Saturday, December 24, 2011

FedupMom, GasstationWithoutPumps, Anonymous on The Race to Remediation


FedUpMom said...

Katharine, I often hear people ask, "which is it -- are kids overworked or underprepared?"
I think it's a false dichotomy. It is absolutely possible for kids to be both overworked and underprepared, and I think it's extremely common.

How can this be? It's because the mountains of homework and test prep that our kids labor under are in fact meaningless crap.

Anonymous said...

Katherine, the high rejection rates of the top colleges (and many that are not top) is a direct result of the fact that today's students are likely to apply to 10 colleges rather than 3 (or even 1, which was common when I was in high school).

gasstationwithoutpumps said...

The pools have gotten bigger, but not better at the top schools. In fact, the increasing size of the application pools has resulted in dilution of the pools with more less-prepared students. As a result, criteria that worked well enough in the past at getting a decent entering class may fail on the weaker pool. (At one time random selection from the pool would have gotten a decent entering class, but not so much any more.)

Also, in most schools faculty don't select the entering class—admissions officers do. The admissions officers and the faculty may have very different ideas about what the ideal entering class is like. Admissions officers are much more interested in demographics (race, gender, geographic origin, … ) than in individual readiness, which may compromise their ability to select students who will do well in college.

Anonymous said...

At the same time, and in many of the same schools, some kids are underprepared and some kids are overachievers - both academically and in extracurriculars. A couple of years ago, a graduate wrote a book about the tremendous pressure on kids from her old HS; I'm very familiar with that school and there are plenty of relaxed kids (probably most) and some drifters. The overachievers do apply to many schools,often a mix of Ivies, the Duke type, UVA and UNC (as out-of-staters) and perhaps their state flagship school or a smaller private as their safe school. The issue of admissions people and academics having different priorities is also valid. I've often thought I'd like to see academic departments select their students with as much diligence and care as the coaches select their players. I'm sure it would be a different mix; the physics and math departments aren't likely to worry about one B in English from a math genius, but I know one kid that was rejected from MIT while they admitted a weaker math but better all-around kid from his school (same sex and race).

1 comment:

gasstationwithoutpumps said...

"I've often thought I'd like to see academic departments select their students with as much diligence and care as the coaches select their players."

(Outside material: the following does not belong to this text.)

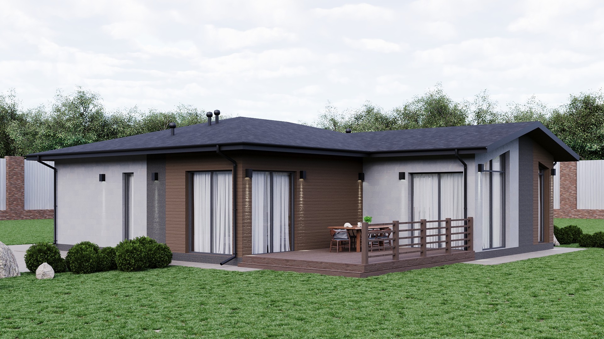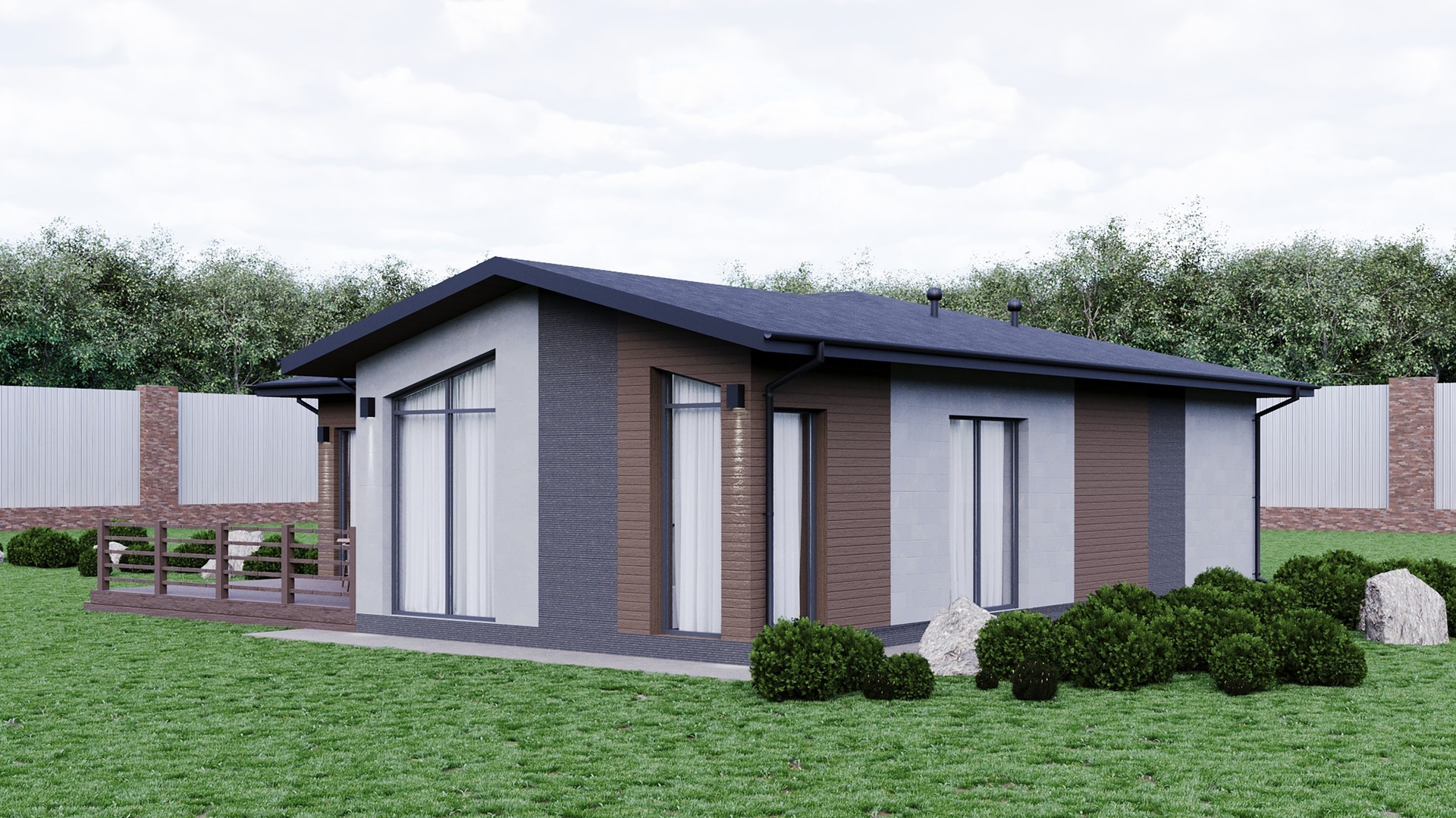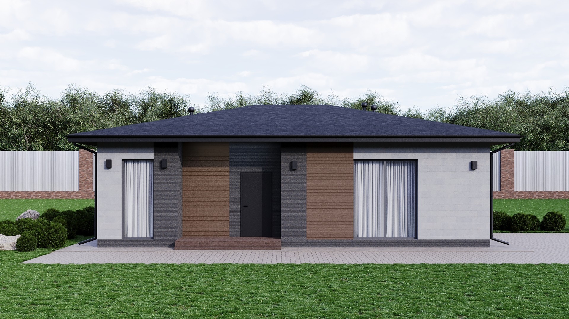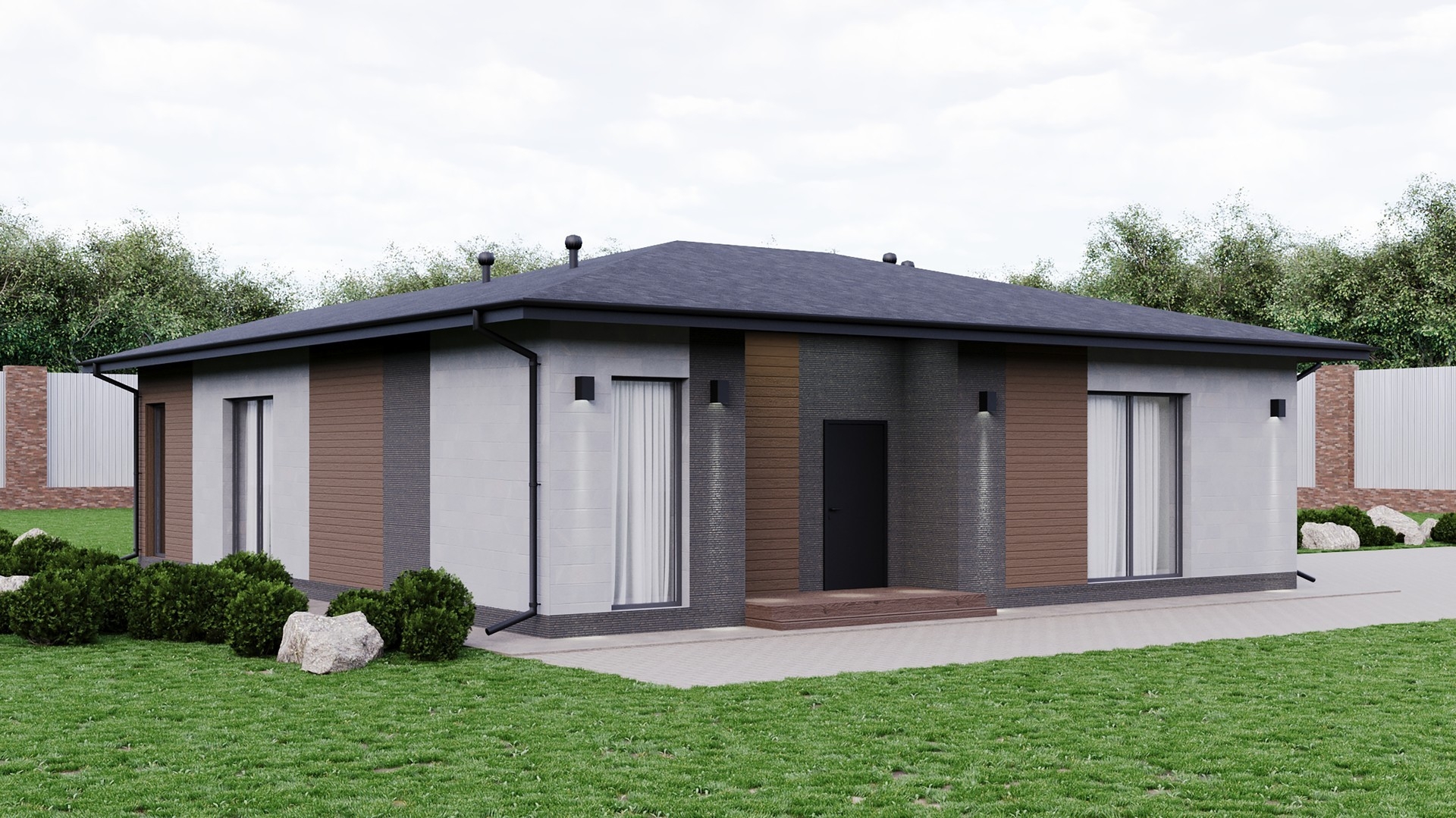 Этот современный одноэтажный дом идеально сочетает визуальный простор и функциональность. Центром проекта стала светлая кухня-гостиная с увеличенной высотой потолков и панорамным остеклением, создающим ощущение абсолютной свободы. Планировка включает две уютные спальни и проработанную систему хранения: три гардеробные и отдельная постирочная позволяют легко поддерживать идеальный порядок. Техническое помещение спроектировано с учетом требований для подключения газа, что гарантирует комфорт и экономичность эксплуатации. Рациональное решение для тех, кто ценит эстетику света и продуманный до мелочей быт.

Academic departments do get to do this—for grad students. It is an enormous amount of work to select 20 students out of 100 then try to get them accept the offer. It would be much more difficult to do that for the much larger applicant pool at the undergrad level where there is much less useful information about each applicant, which is why almost all colleges have gone to staff-level undergrad admissions, rather than having faculty do admissions.